Then he slipped out of public life and into a business he set up in the Cayman Islands while reportedly still commerce secretary.
Donald Trump’s commerce secretary, Wilbur Ross, earned at least $53 million from private companies while he was collecting a taxpayer salary and supposed to be looking out for the public instead of his own profits.
Ross reported making somewhere between $53 million and $127 million during his four years as head of the Commerce Department. The federal government only requires officials to report broad ranges of outside income.
It’s possible that Ross earned “significantly more” since he was not required to specify certain income totals over $1 million, noted watchdog Citizens for Responsibility and Ethics in Washington, which reported Ross’ financial disclosure filings earlier this week.
Ross’ many and profitable entanglements with private companies while he was supposed to be looking out for the American taxpayer triggered concern and criticism.
“Even in an administration characterized by corruption, Ross became notorious for mixing personal business with his government role,” CREW said in a statement.
News of Ross’ income while serving in the Trump administration follows a bombshell report in The Washington Post last month that an “obscure” security office within the Commerce Department served as an aggressive “counterintelligence unit,” collecting information on hundreds of Americans, including the department’s own employees.
The Investigations and Threat Management Service covertly searched workers’ offices at night, conducted searches of their emails in a hunt for foreign influence, and pored over citizens’ social media posts for criticism of the census, which is run by the Commerce Department, the Post reported.
In one instance, the unit opened a case on a Florida retiree who simply tweeted that the census would be twisted to “benefit the Trump Party,” records show.

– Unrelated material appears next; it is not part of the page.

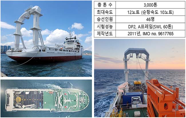 한편, 수중건설로봇과 같은 해양장비 실해역 성능 검증을 위한 3,000ton급 시험평가 선박인 장영실호(DP2, 60톤 A-Frame 등 탑재, 그림 10)가 구축되어 보다 효율적이면서 효과적인 성능평가 및 현장 적용이 가능하게 됨으로써 한층 더 경쟁력을 확보하게 되었다.
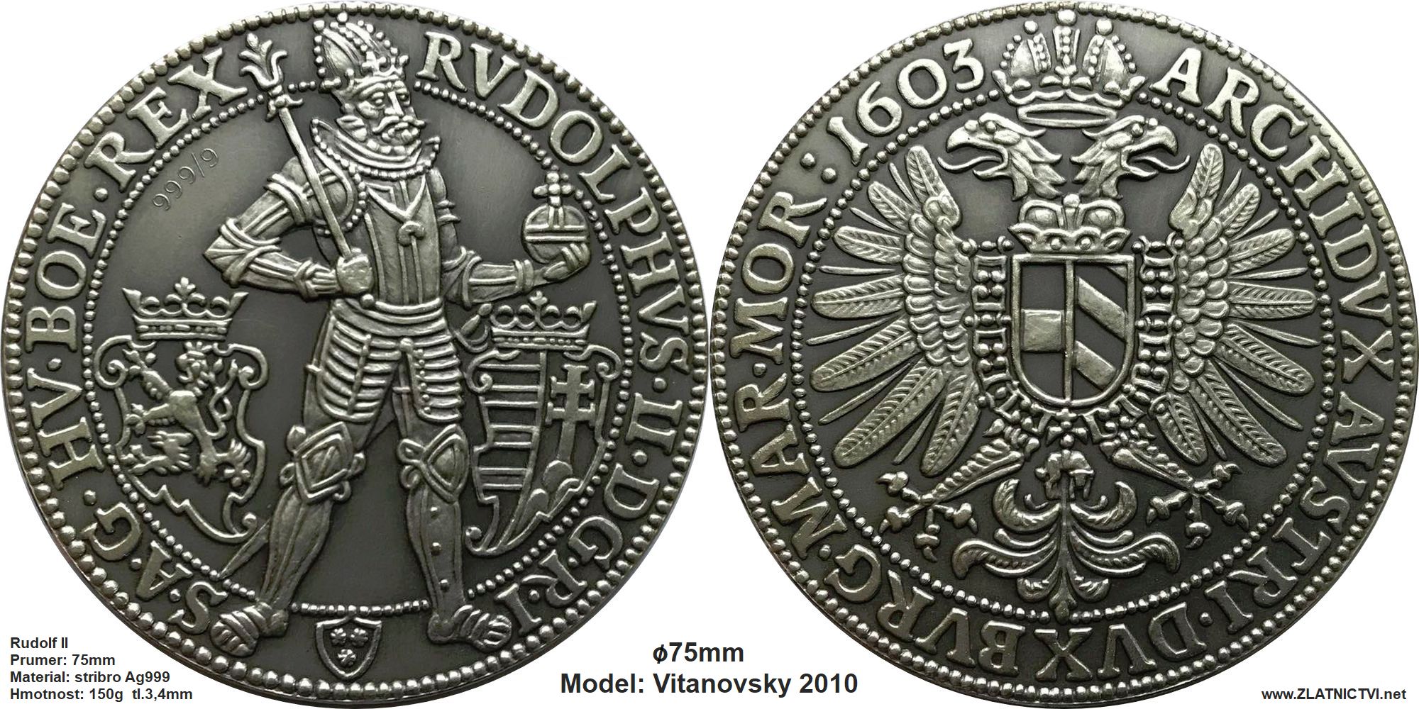 Pamětní medaile 75mm – RUDOLF II – velikosti

The Biden administration has suspended ITMS investigations, according to the Post.
Ross is already engaged in a new enterprise, a special purpose acquisition company that reportedly attracted $300 million from investors. He established the company in the Cayman Islands in January while he was still in public office, Forbes reported.
Lawmakers, CREW and the Campaign Legal Center raised concerns about Ross’ business entanglements even as he negotiated in his government capacity with officials and other national leaders about issues likely to affect his profits.

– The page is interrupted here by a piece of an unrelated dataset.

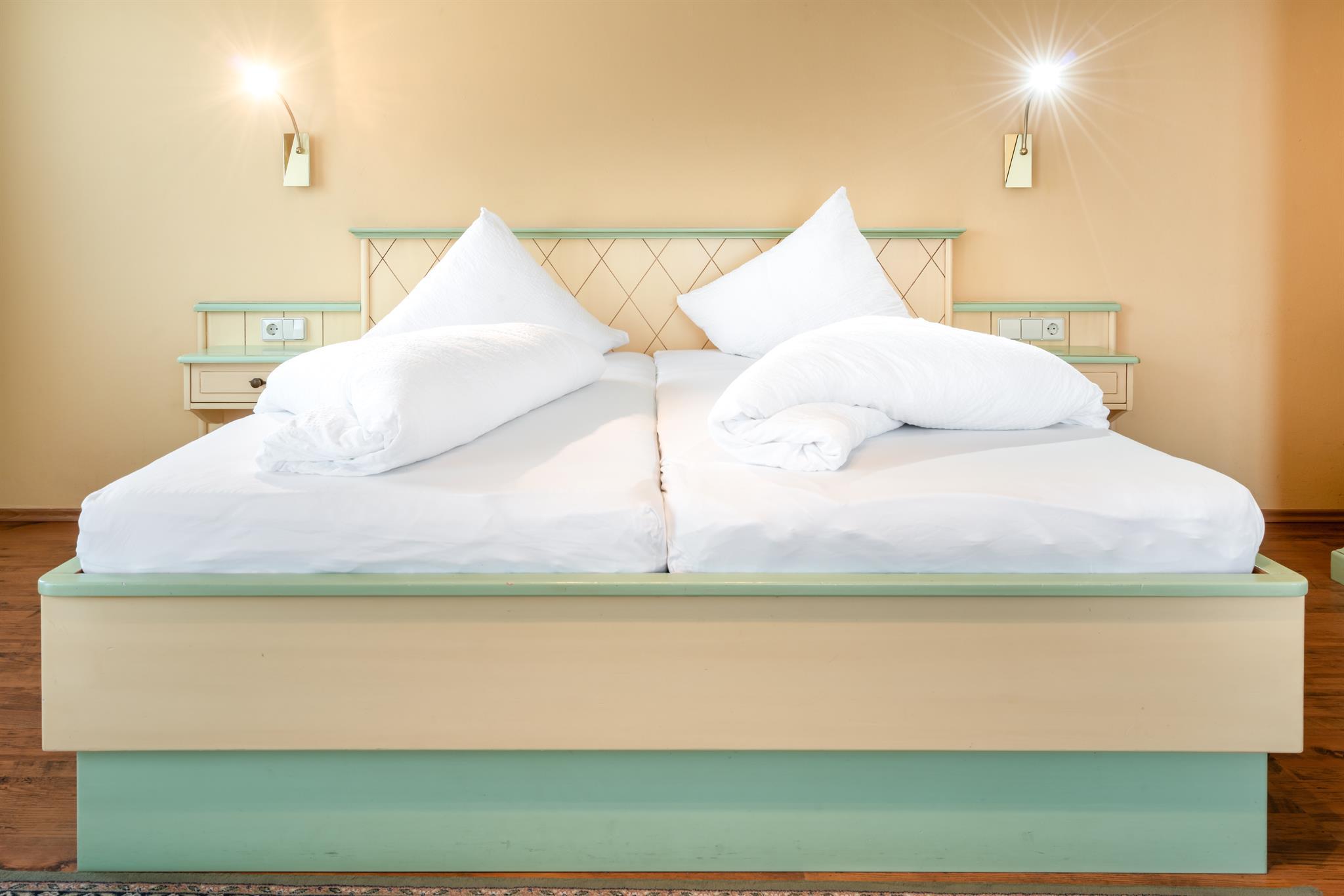 Die Betten selbst sind mit Hochqualitativen Matratzen ausgestattet und alle Betten sind Fußfrei. So stehen enspannenden Nächten nichts mehr im Wege.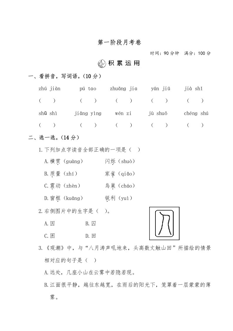 当前位置: 首页小学资源小学四年级正文 四年级语文上册第一阶段月考卷(有答案)_共8页 小学四年级 1 周前 0 0 5 以上为部分内容预览,如需源文档请登录您的会员账号进行下载! 声明:本站所有文章,如无特殊说明或标注,均为本站原创发布。任何个人或组织,在未征得本站同意时,禁止复制、盗用、采集、发布本站内容到任何网站、书籍等各类媒体平台。如若本站内容侵犯了原著者的合法权益,可联系我们进行处理。 尚学资源永久会员 打赏 收藏 海报 链接

CREW demanded a probe in 2017 into whether he fully divested from the Bank of Cyprus and recused himself from trade negotiations with China that could have affected his financial interests linked to Navigator Holdings and Diamond S Shipping.

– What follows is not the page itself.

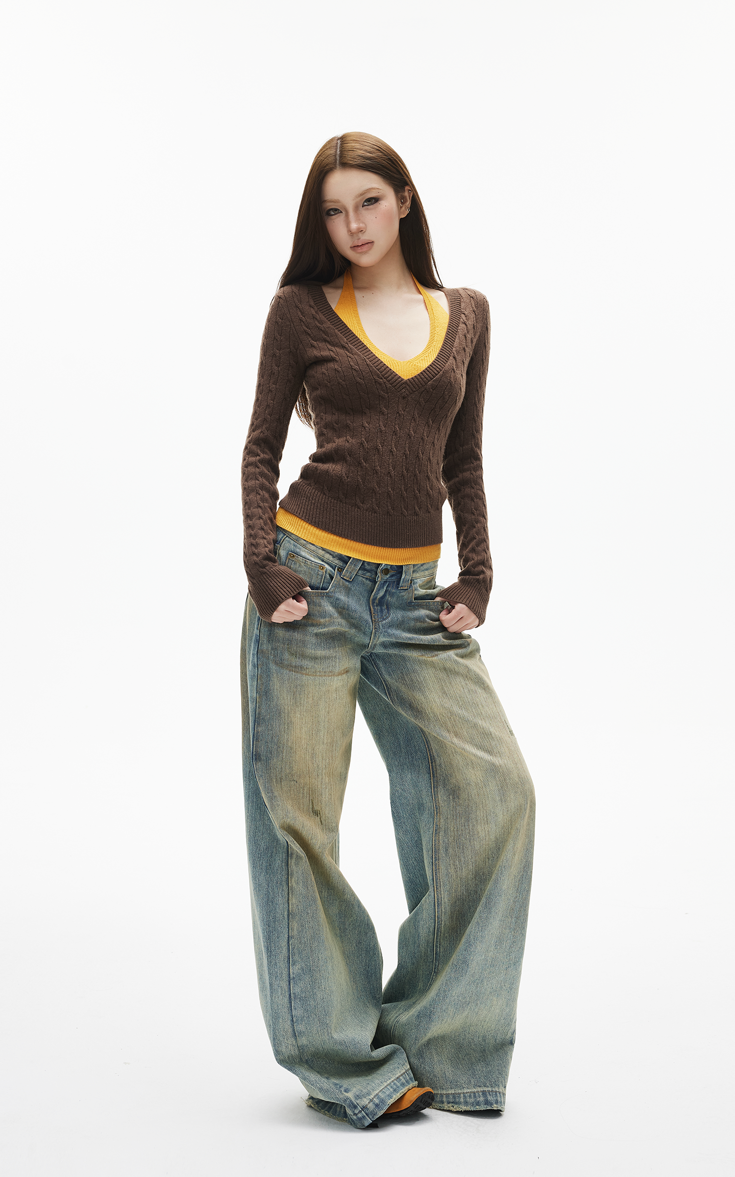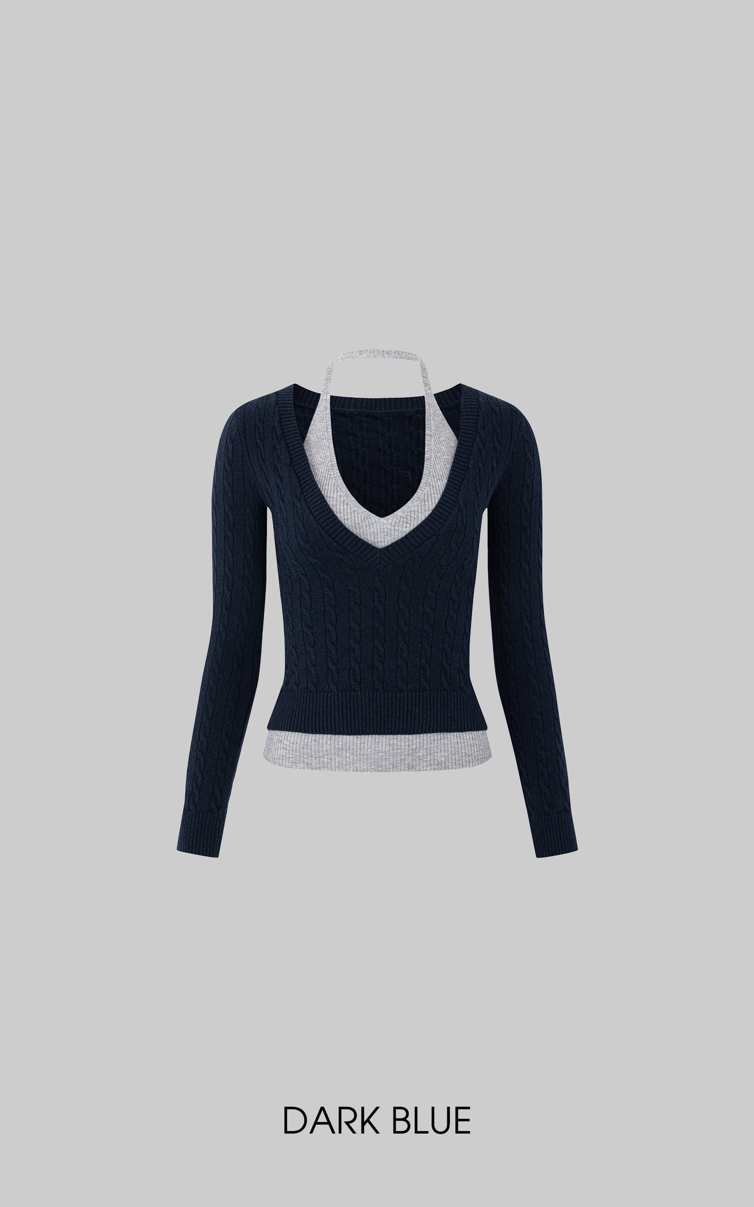 IAMXIAA 레이어드 홀터 브이넥 슬림 니트 스웨터

CREW also filed a complaint against Ross the following year for possible insider trading and other violations when he reportedly shorted Navigator stock after learning that a negative story was coming out in The New York Times about his links to the company. In addition, the watchdog organization filed a complaint against Ross seeking an investigation into whether he violated criminal statutes by participating in several government meetings with companies that he had not divested from.
A report by the Commerce Department’s Inspector General’s Office late last year cleared Ross of insider trading accusations, but concluded that he violated the federal standard of failing to avoid the appearance of ethical and legal breaches.